Segment Start: Dataset content

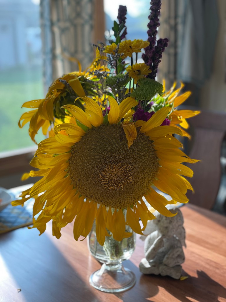I’m thankful it was a beautiful day outside, and also for these sunny flowers from the yard that I combined with a few leftover flowers from those sent to me after my surgery.
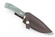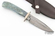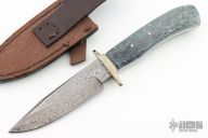 This hunter by William Miller features a Damascus blade with false top edge, .273" blade stock and 1.217" blade depth, hidden/frame tang construction. The handle has a nickel silver guard, stainless steel frame and blue giraffe bone scales. Comes with a black leather sheath. Excellent condition.
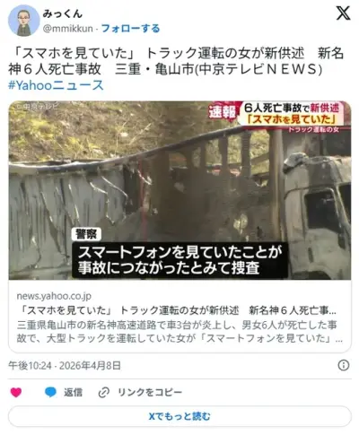 新名神6人死亡事故、トラック運転手の女「スマホ見てました」
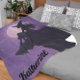 Wrap yourself in mystical comfort with this moonlit witch blanket. The soft silhouette and celestial tones make it ideal for cozy nights filled with dreams and magic. This enchanting design features the silhouette of a witch sitting peacefully on a cliff under a glowing full moon. Set against a dreamy purple night sky filled with stars and soft clouds, this minimalist witchy artwork radiates calm, strength, and a touch of magic. Perfect for lovers of mystical aesthetics, moon magic, witches, and celestial vibes.

Segment End: Dataset content

Nothing but the lines from the line with "新名神6人死亡事故、トラック運転手の女「スマホ見てました」" through the last line of the listing should be copied, exactly and with both ends kept. Leave pictures out.

 新名神6人死亡事故、トラック運転手の女「スマホ見てました」
 Wrap yourself in mystical comfort with this moonlit witch blanket. The soft silhouette and celestial tones make it ideal for cozy nights filled with dreams and magic. This enchanting design features the silhouette of a witch sitting peacefully on a cliff under a glowing full moon. Set against a dreamy purple night sky filled with stars and soft clouds, this minimalist witchy artwork radiates calm, strength, and a touch of magic. Perfect for lovers of mystical aesthetics, moon magic, witches, and celestial vibes.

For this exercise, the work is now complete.